SUPPLIED RECORDS Start Marker
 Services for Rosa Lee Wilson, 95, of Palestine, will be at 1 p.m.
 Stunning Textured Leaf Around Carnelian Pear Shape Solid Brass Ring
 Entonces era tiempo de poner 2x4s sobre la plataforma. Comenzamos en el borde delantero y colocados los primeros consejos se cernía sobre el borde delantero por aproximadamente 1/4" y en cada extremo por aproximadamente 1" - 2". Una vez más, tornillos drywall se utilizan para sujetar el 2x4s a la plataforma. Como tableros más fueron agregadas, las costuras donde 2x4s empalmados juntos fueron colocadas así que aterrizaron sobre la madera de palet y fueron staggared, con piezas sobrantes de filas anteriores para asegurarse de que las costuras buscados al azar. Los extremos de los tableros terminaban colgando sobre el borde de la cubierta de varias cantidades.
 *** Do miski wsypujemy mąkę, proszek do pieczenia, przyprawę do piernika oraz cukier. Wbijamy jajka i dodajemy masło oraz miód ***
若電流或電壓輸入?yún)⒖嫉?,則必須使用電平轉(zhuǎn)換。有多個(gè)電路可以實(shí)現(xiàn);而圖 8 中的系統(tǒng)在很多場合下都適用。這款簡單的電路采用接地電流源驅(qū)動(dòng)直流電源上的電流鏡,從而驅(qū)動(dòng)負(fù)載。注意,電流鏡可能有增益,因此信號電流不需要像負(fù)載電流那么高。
SUPPLIED RECORDS End Marker
SUPPLIED RECORDS Start Marker
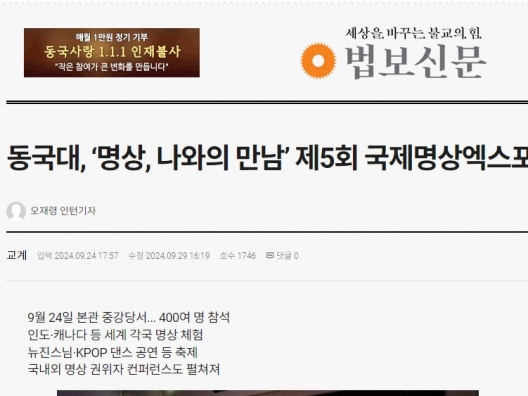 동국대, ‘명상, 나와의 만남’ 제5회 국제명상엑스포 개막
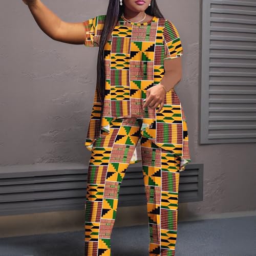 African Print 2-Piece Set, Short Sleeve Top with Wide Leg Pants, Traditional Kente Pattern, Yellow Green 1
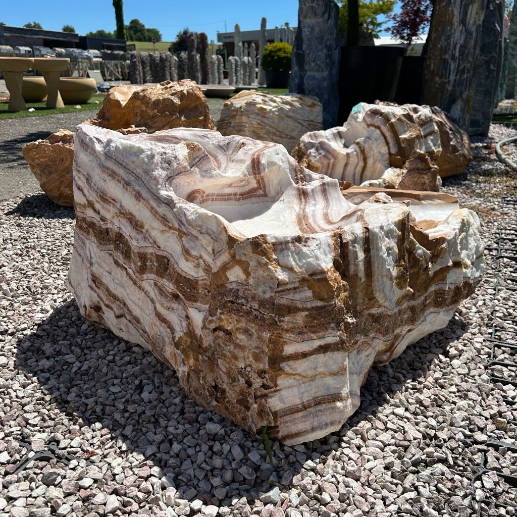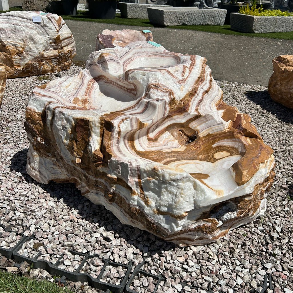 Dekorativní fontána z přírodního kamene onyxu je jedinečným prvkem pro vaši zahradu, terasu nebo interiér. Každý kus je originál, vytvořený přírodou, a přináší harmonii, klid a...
SUPPLIED RECORDS End Marker
The line above containing "Services for Rosa", the line containing "Entonces era tiempo", and every line between them are to be transcribed exactly; no other line is wanted.

 Services for Rosa Lee Wilson, 95, of Palestine, will be at 1 p.m.
 Stunning Textured Leaf Around Carnelian Pear Shape Solid Brass Ring
 Entonces era tiempo de poner 2x4s sobre la plataforma. Comenzamos en el borde delantero y colocados los primeros consejos se cernía sobre el borde delantero por aproximadamente 1/4" y en cada extremo por aproximadamente 1" - 2". Una vez más, tornillos drywall se utilizan para sujetar el 2x4s a la plataforma. Como tableros más fueron agregadas, las costuras donde 2x4s empalmados juntos fueron colocadas así que aterrizaron sobre la madera de palet y fueron staggared, con piezas sobrantes de filas anteriores para asegurarse de que las costuras buscados al azar. Los extremos de los tableros terminaban colgando sobre el borde de la cubierta de varias cantidades.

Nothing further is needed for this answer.